3-layer Conv [./rfr_new.py/ErrorAttention]
Feature Net [./extractor.py/BasicEncoder]
ConvGRU[5] [./update.py/SepConvGRU]
Correlation [./corr.py/CorrBlock]

-Frame Warping and Synthesis

input: \(I_{0}\), \(I_{1}\), \(f^{’}_{0\rightarrow1}\), \(f^{’}_{1\rightarrow0}\) - input images and fine flow computed by RFR module

output: \(\hat{I}_{1/2}\) - interpolated image

In this part, '.' refer to directry models.

Generate the intermediate frame by using the splatting and synthesis strategy of Soft-Splat[6].

All features and input frames are softmax splatted via forward warping. [./softsplat.py/ModuleSoftsplat]

All warped frames and features are fed into a GridNet[7] to synthesize the target frame. [./GridNet.py/GridNet]

References

[1] Zhang, Song-Hai, et al. "Vectorizing cartoon animations." IEEE Transactions on Visualization and Computer Graphics 15.4 (2009): 618-629.

[2] Simonyan, Karen, and Andrew Zisserman. "Very deep convolutional networks for large-scale image recognition." arXiv preprint arXiv:1409.1556 (2014).

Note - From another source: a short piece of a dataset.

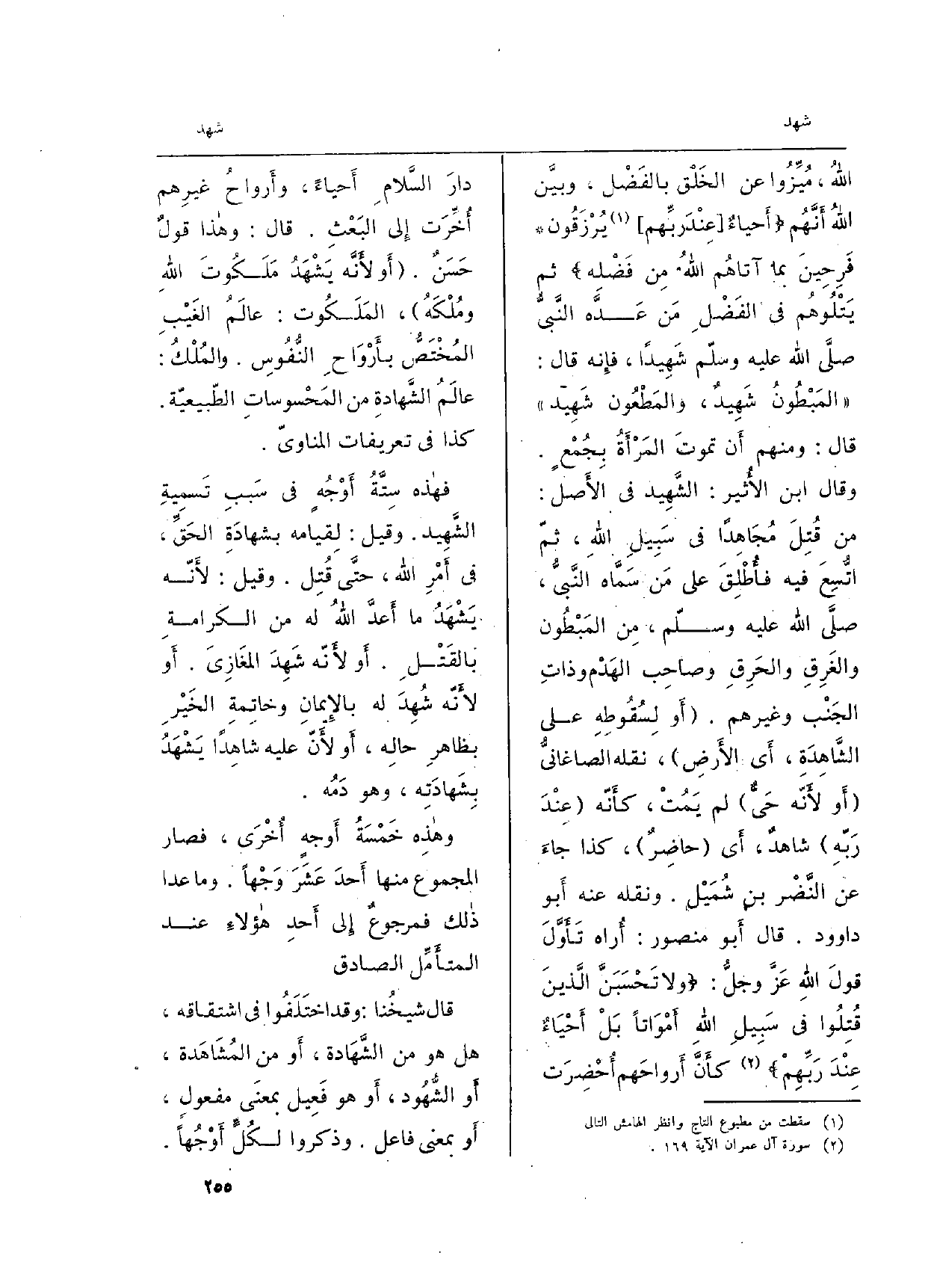 اللهُ، مُيِّزُوا عَن الخَلْق بالفَضْل، وبيَّن الله أَنَّهُم: {أَحْيَاء عِندَ رَبّهِمْ يُرْزَقُونَ} فَرِحِينَ بِمَآ ءاتَاهُمُ اللَّهُ مِن فَضْلِهِ (آل عمرَان: 169، 170) ثمَّ يتْلُوهُم فِي الفَضْلِ مَن عَدَّه النَّبيُّ صلَّى الله عليْه وسلّم شَهِيداً، فإِنه قَالَ: (المَبْطُونُ شَهِيدٌ، والمَطْعُون شَهِيد) قَالَ: وَمِنْهُم أَن تموتَ المَرْأَةُ بِجُمْعٍ. وَقَالَ ابْن الأُثير: الشَّهِيد فِي الأَصل: من قُتِلَ مُجَاهِداً فِي سَبِيلِ اللهِ، ثمّ اتُّسِعَ فِيهِ فأُطْلِقَ على مَن سَمَّاه النَّبيُّ، صلَّى الله عليْه وسلّم، مِن المَبْطُون والغَرِقِ والحَرِقِ وصاحِب الهَدْم وذاتِ الجَنْب وَغَيرهم. (أَو لِسُقُوطِهِ لى الشَّاهِدَةِ، أَي الأَرضِ) ، نَقله الصاغانيُّ (أَو لأَنّه حَيٌّ) لم يَمُتْ، كأَنه (عِندَ رَبّهِ) شاهدٌ، أَي (حاضِرٌ) ، كَذَا جاءَ عَن النَّضْر بن شُمَيْل. وَنَقله عَنهُ أَبو دَاوُود. قَالَ أَبو مَنْصُور: أُراه تَأَوَّلَ قولَ اللهِ عَزَّ وجلُّ: {وَلاَ تَحْسَبَنَّ الَّذِينَ قُتِلُواْ فِى سَبِيلِ اللَّهِ أَمْواتاً بَلْ أَحْيَاء عِندَ رَبّهِمْ} (آل عمرَان: 169) كأَنَّ أَرواحَهم أُحْضِرَت دارَ السَّلامِ أَحياءً، وأَرواحُ غيرِهم أُخِّرَت إِلَى البَعْثِ. قَالَ: وهاذا قولٌ حَسَنٌ. (أَو لأَنَّه يَشْهَدُ مَلَكُوتَ اللهِ ومُلْكَهُ) ، المَلَكُوت: عالَمُ الغَيْبِ المُخْتَصُّ بأَرْوَاحِ النُّفُوسِ. والمُلْكُ: عالَمُ الشَّهادةِ من المَحْسوساتِ الطّبيعيّة. كَذَا فِي تعريفات المناويّ.

[3] Liu, Fayao, et al. "Learning depth from single monocular images using deep convolutional neural fields." IEEE transactions on pattern analysis and machine intelligence 38.10 (2015): 2024-2039.

[4] Teed, Zachary, and Jia Deng. "Raft: Recurrent all-pairs field transforms for optical flow." European conference on computer vision. Springer, Cham, 2020.

[5] Cho, Kyunghyun, et al. "On the properties of neural machine translation: Encoder-decoder approaches." arXiv preprint arXiv:1409.1259 (2014).

[6] Niklaus, Simon, and Feng Liu. "Softmax splatting for video frame interpolation." Proceedings of the IEEE/CVF Conference on Computer Vision and Pattern Recognition. 2020.

[7] Fourure, Damien, et al. "Residual conv-deconv grid network for semantic segmentation." arXiv preprint arXiv:1707.07958 (2017).

[8] Siyao, Li, et al. "Deep animation video interpolation in the wild." Proceedings of the IEEE/CVF Conference on Computer Vision and Pattern Recognition. 2021.